Several tools have heavily overlapping purposes: ask_pipeworx and ask_pipeworx_beta are explicitly identical right now, while ask_pipeworx, ask_pipeworx_grounded, deep_research, validate_claim, and discover_tools all occupy adjacent lookup/discovery territory. The four Codewars tools are clear, but the broader set is genuinely hard to navigate.

Naming Consistency3/5

Most names follow a readable snake_case verb_noun style with useful prefixes like polymarket_ and user_, but there are one-word outliers (kata, user, forget, recall, remember) and inconsistent phrasing such as ai_visibility_check versus scan_competitor_ai_presence. The naming is mostly predictable but not uniform.

Tool Count1/5

35 tools is already heavy, and the server is named Codewars while only 4 of the 35 tools relate to Codewars.

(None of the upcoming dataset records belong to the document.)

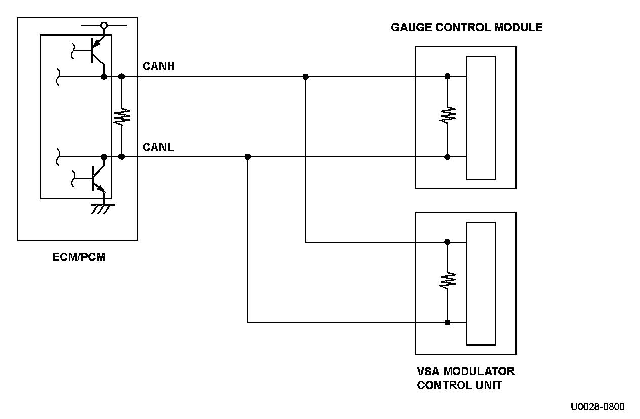 The controller area network (CAN) transmits/receives pulsing signals to/from the control modules simultaneously by using two signal lines (CANH and CANL). When the engine control module (ECM)/powertrain control module (PCM) does not receive the signals from the gauge control module via the CAN lines for more than a set time, the ECM/PCM detects a malfunction and a DTC is stored.
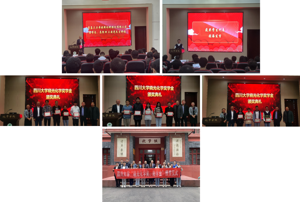 2021年10月20日上午,2020-2021年度“晓光化学奖学金”颁奖仪式在化学馆321会议室隆重举行。77779193永利官网79级校友、青岛三力本诺新材料股份有限公司董事长总经理王晓光先生,副总经理王科先生,人力资源总监姚霞清女士,佳化化学(上海)有限公司CEO李玉博先生,研发经理夏凉先生,77779193永利官网教育基金会副秘书长贾秀娥女士,77779193永利官网院长游劲松教授,党委书记谢均教授及部分老师出席了此次颁奖仪式。
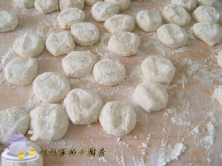 12 清水加入面粉和面,静置饧半小时以上。揉成光滑的面团。
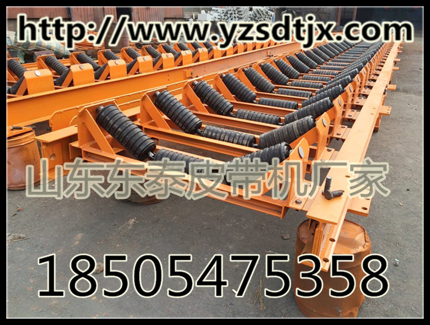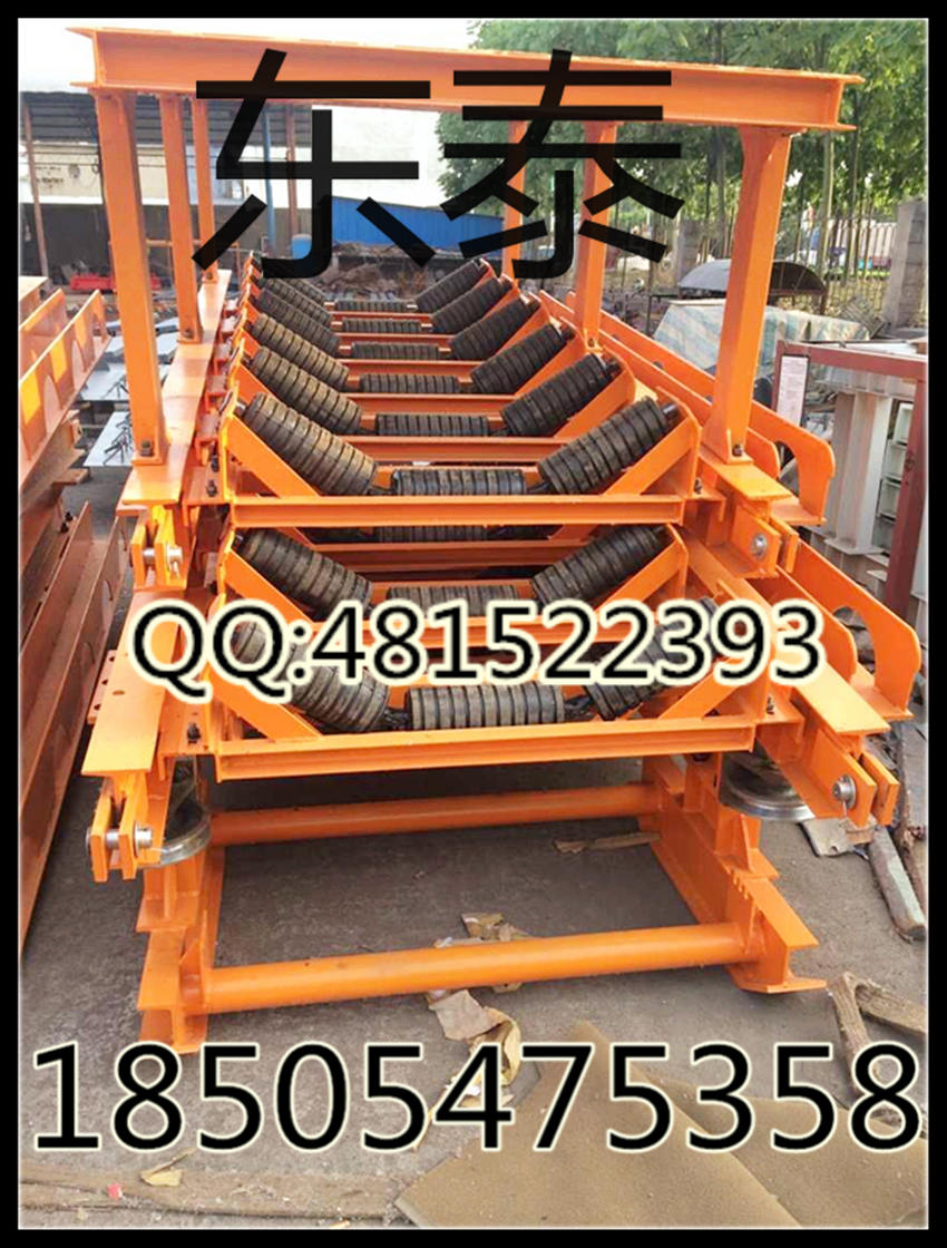 2.安装调心托辊组 调心托辊组有多种类型如中间转轴式、四连杆式、立辊式等其原理是采用阻挡或托辊在水平面内 方向转动阻挡或产生横向推力使皮带自动向心达到调整皮带跑偏的目的。一般在皮带输送机总长度较短时或皮带输送机双向运行时采用此方法比较合理,原因是较短皮带输送机更容易跑偏并且不容易调整。而长皮带输送机最好不采用此方法,因为调心托辊组的使用会对皮带的使用寿命产生一定的影响。
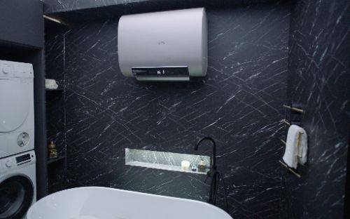 拆开包装我们发现它的外观和传统电热水器有很大区别,不再是个简单的大圆桶,造型独特考究,机身很薄也很短巧,颜色也更有质感,超大屏幕非常吸睛,值得关注的是安装时进出水管居然可以隐藏在机身的后面,让整个安装效果变得极简高端,外观颜值比传统电热水器确实迈出了一大步。
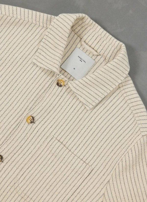 - Features: Men’s Linen Shirt in Ecru Cream, designed with a utilitarian edge. Crafted for modern style and function, the overshirt features custom Percival buttons, patch pockets, an SS25 sleeve label, and a breast patch pocket. This versatile long sleeve shirt is perfect for layering and effortless everyday wear.
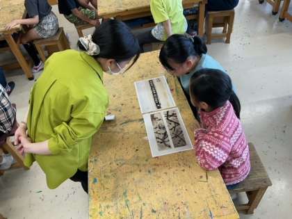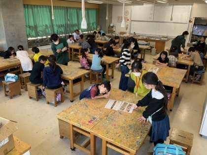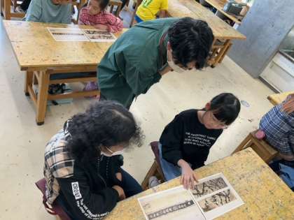 図工の時間です。世田谷美術館による「美術監督プログラム」を行っています。白と黒で味わい深い作品を作っていきます。
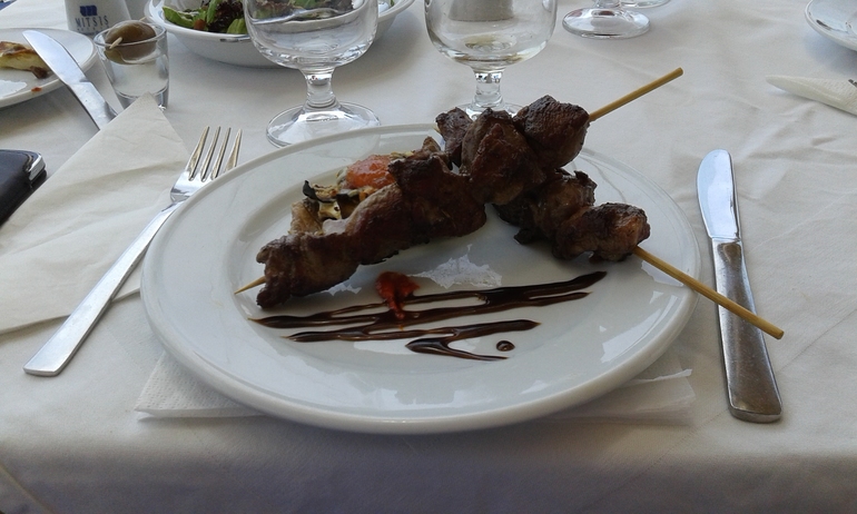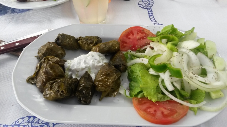 В стоимость экскурсии входил обед и стаканчик белого вина (для взрослых) - очень приятный и сытный: салат, дзадзыки (греческий соус из йогурта, свежих огурцов и специй), сувлаки (шашлыка) и мякгого багета. Еды было вдоволь, каждый проголодавшийся после морского путешествия мог получить добавки!

The remaining 31 tools belong to a completely different Pipeworx research/prediction-market/brand-visibility product, making the count both excessive and fundamentally mismatched to the server's stated identity.

Completeness1/5

For a Codewars server, the surface is severely incomplete: you can fetch a single kata and a user's profile, authored list, and completed list, but there is no search, no kata listing by rank/tag, no solution submission or training workflow, and no way to manage authored kata. The unrelated Pipeworx tools do not fill these gaps; they point at a different domain entirely.